WalltimeCheckpointer#

class WalltimeCheckpointer(*args, **kwargs)#

Bases: Callback

Checkpoints and stops the training when a walltime limit is reached.

This is useful for Slurm jobs that have a hard time limit. We want to stop short of the limit to save a checkpoint and exit gracefully, so that the job can be automatically resumed.

Parameters:
  • start_time (float)

  • checkpoint_dir (str | Path)

  • time_limit_hours (float)

  • buffer_minutes (float)

  • checkpoint_filename (str)

  • stop_trainer_after_time_limit (bool)

__init__(
start_time,
checkpoint_dir,
time_limit_hours=4.0,
buffer_minutes=2.0,
checkpoint_filename='last.ckpt',
stop_trainer_after_time_limit=True,
)#

WalltimeCheckpointer constructor.

Parameters:
  • start_time (float) – Timestamp when the job started (e.g. from time.time() or date +%s).
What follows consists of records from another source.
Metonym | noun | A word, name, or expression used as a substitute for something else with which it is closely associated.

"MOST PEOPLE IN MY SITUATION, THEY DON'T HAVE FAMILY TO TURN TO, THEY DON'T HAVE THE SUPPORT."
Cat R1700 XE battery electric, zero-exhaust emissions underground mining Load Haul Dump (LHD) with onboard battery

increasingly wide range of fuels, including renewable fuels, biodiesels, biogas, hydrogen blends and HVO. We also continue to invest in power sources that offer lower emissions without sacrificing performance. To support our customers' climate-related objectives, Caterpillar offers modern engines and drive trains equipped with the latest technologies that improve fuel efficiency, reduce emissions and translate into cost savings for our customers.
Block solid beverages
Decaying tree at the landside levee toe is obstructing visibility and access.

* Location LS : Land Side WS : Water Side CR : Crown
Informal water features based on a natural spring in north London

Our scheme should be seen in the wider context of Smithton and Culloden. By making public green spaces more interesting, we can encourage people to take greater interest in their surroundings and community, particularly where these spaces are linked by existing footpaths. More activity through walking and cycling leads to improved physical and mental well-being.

  • checkpoint_dir (str | Path) – Directory where to save the checkpoint.

  • time_limit_hours (float) – The allocation time limit in hours.
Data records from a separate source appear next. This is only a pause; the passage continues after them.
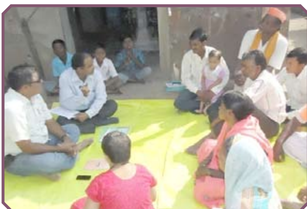
Facilitation visit in Maharashtra

of ensuring that disability was mainstreamed in these organizations in an effective manner. It also stressed the need for these partners to work as a team so as to have an impact at District level and bring about a perceptible change in the lives of Persons with Disability.
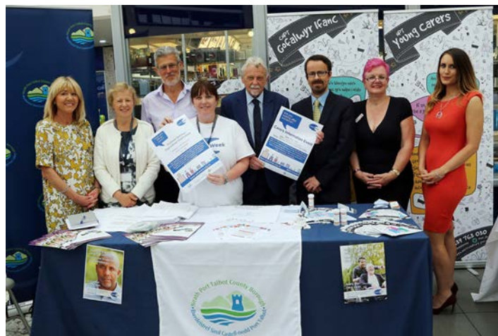
Neath Port Talbot Carers Service with representatives from Neath Port Talbot Local Authority, Abertawe Bro Morgannwg University Health Board and Western Bay Regional Partnership – Carers Week 2018

Swansea Carers Centre have used a portion of the Carers funding made available from Welsh Government to employ a Communication and Information Officer.
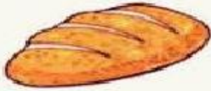
a loaf of bread
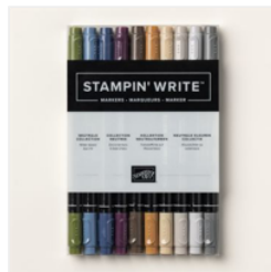
Neutrals Stampin' Write Markers - 161697
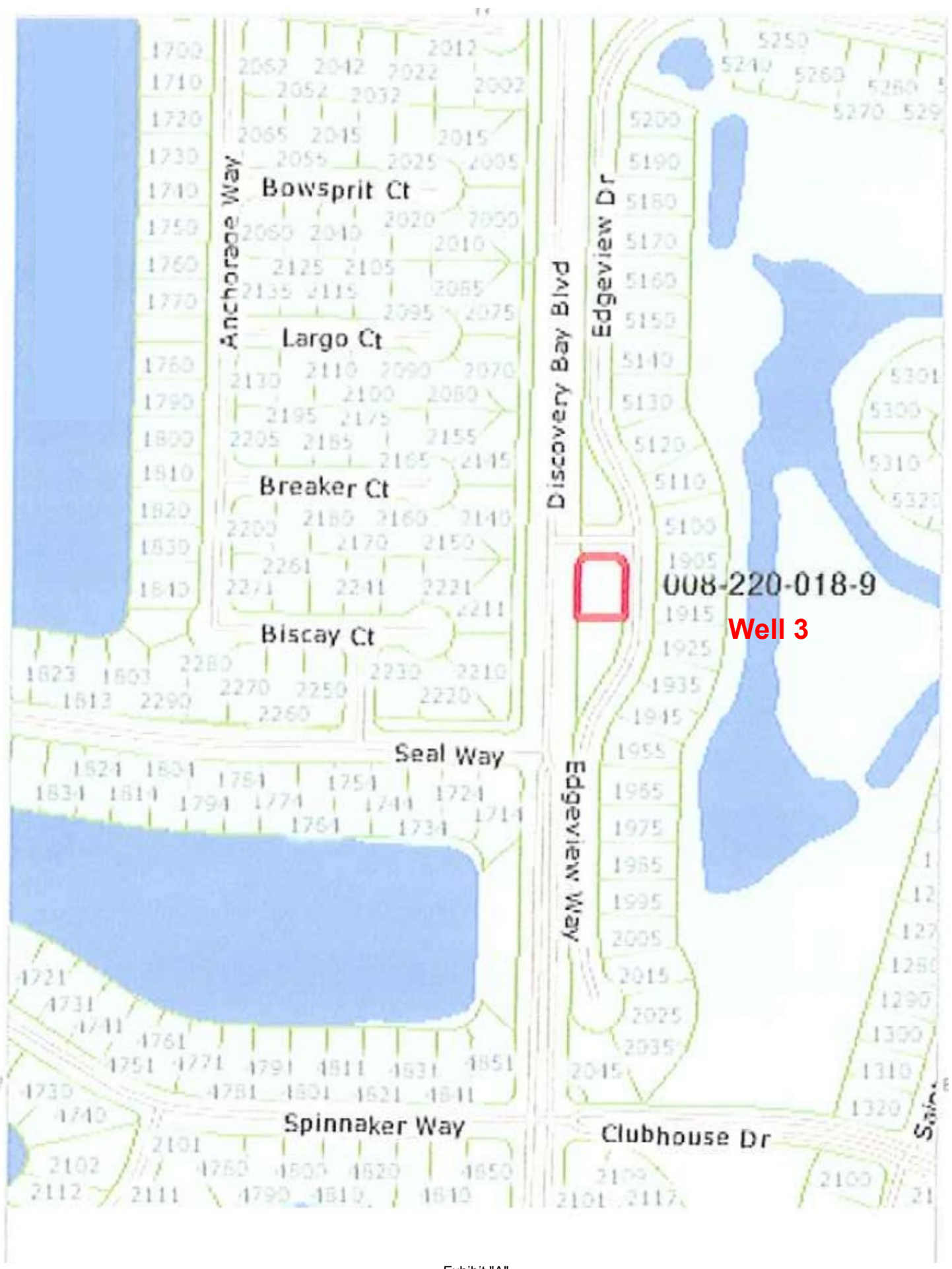
Exhibit "A" Premises Map

  • buffer_minutes (float) – How many minutes before the limit to stop.

  • checkpoint_filename (str) – Name of the checkpoint file to save.

  • stop_trainer_after_time_limit (bool) – Whether to stop the trainer after the time limit.

on_val_batch_end(
trainer,
pl_module,
outputs,
batch,
batch_idx,
)#

Check time after every batch.

Parameters:
  • trainer (pytorch_lightning.Trainer)

  • pl_module (pytorch_lightning.LightningModule)

on_train_batch_end(
trainer,
pl_module,
outputs,
batch,
batch_idx,
)#

Check time after every batch.

Parameters:
  • trainer (pytorch_lightning.Trainer)

  • pl_module (pytorch_lightning.LightningModule)